**Exercise prompt**
The lines in the listing below are to be given again exactly, starting at the line holding "Marble fireplaces stand" and ending at the line holding "青山讲堂第五十四期:张红宇 (北京大学)". Do not include pictures.

**Source data**
= = = = =
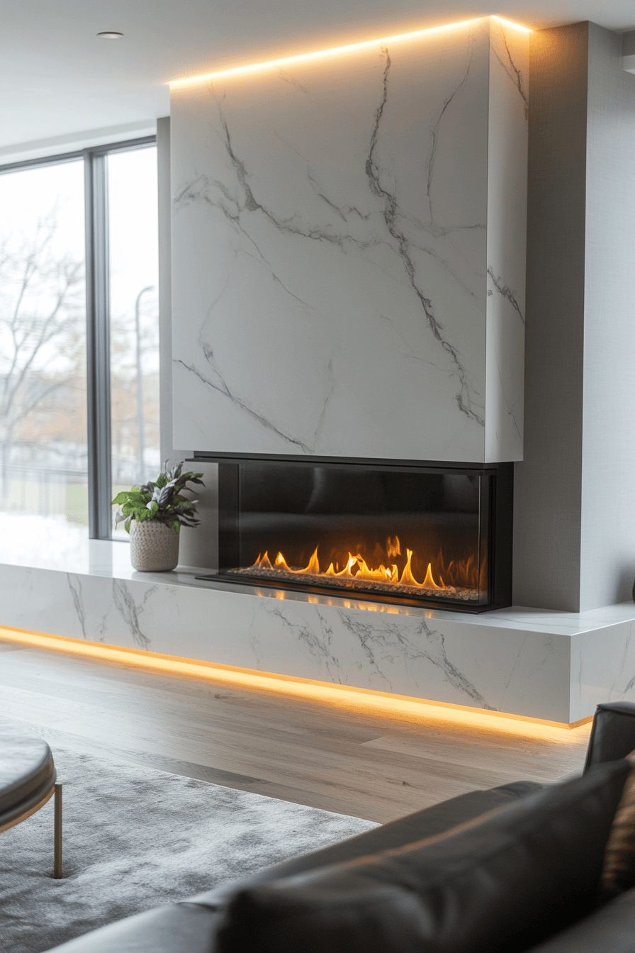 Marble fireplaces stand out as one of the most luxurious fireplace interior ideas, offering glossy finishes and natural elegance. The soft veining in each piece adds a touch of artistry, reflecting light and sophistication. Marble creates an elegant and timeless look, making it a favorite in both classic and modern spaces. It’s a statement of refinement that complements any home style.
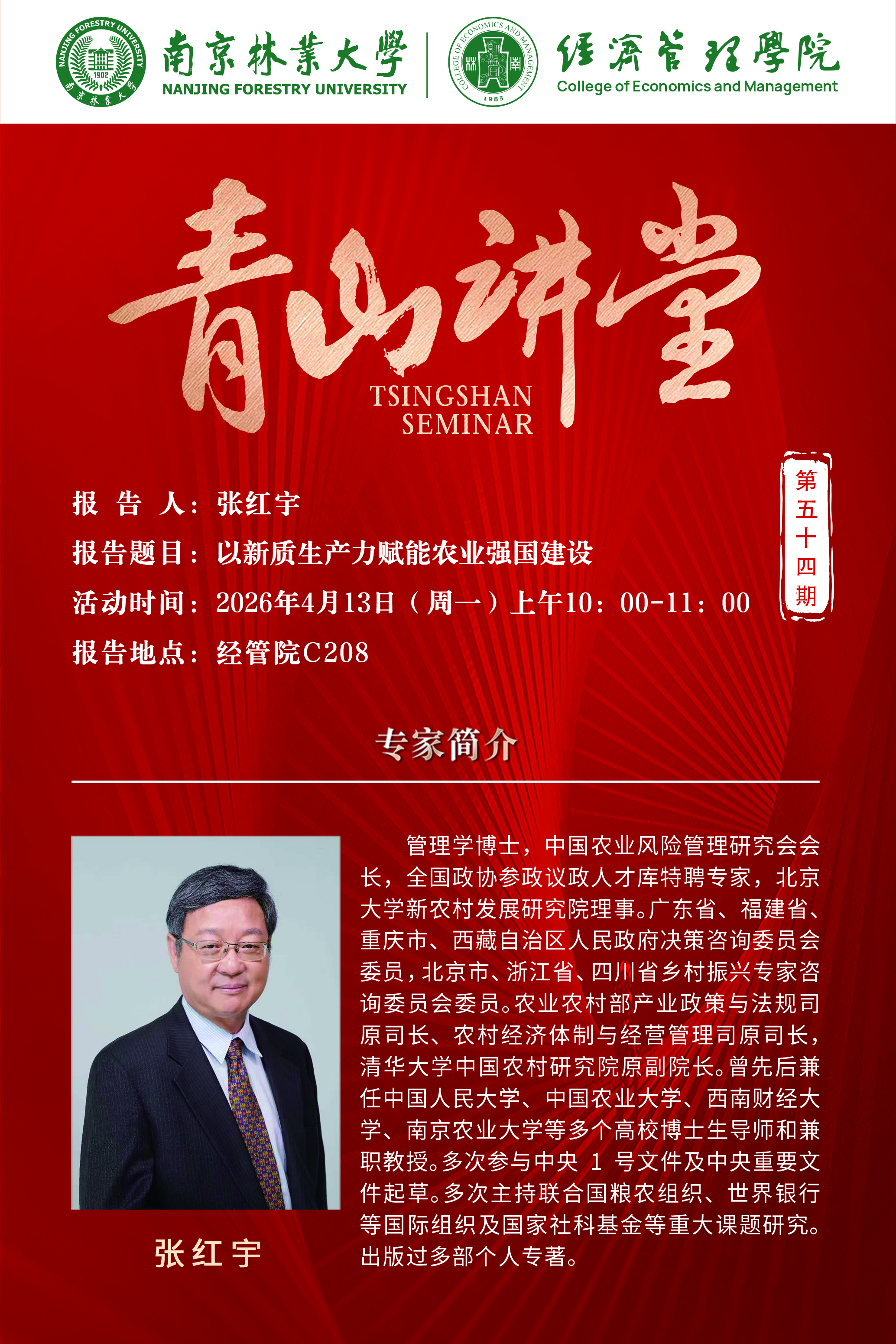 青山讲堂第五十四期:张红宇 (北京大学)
= = = = =
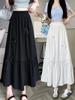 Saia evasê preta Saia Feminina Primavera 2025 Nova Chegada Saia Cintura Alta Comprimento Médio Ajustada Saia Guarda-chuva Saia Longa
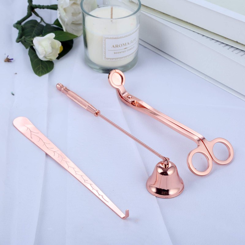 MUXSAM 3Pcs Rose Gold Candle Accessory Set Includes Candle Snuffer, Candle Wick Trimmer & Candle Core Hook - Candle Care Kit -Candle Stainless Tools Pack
= = = = =
**Reply to the exercise**
 Marble fireplaces stand out as one of the most luxurious fireplace interior ideas, offering glossy finishes and natural elegance. The soft veining in each piece adds a touch of artistry, reflecting light and sophistication. Marble creates an elegant and timeless look, making it a favorite in both classic and modern spaces. It’s a statement of refinement that complements any home style.
 青山讲堂第五十四期:张红宇 (北京大学)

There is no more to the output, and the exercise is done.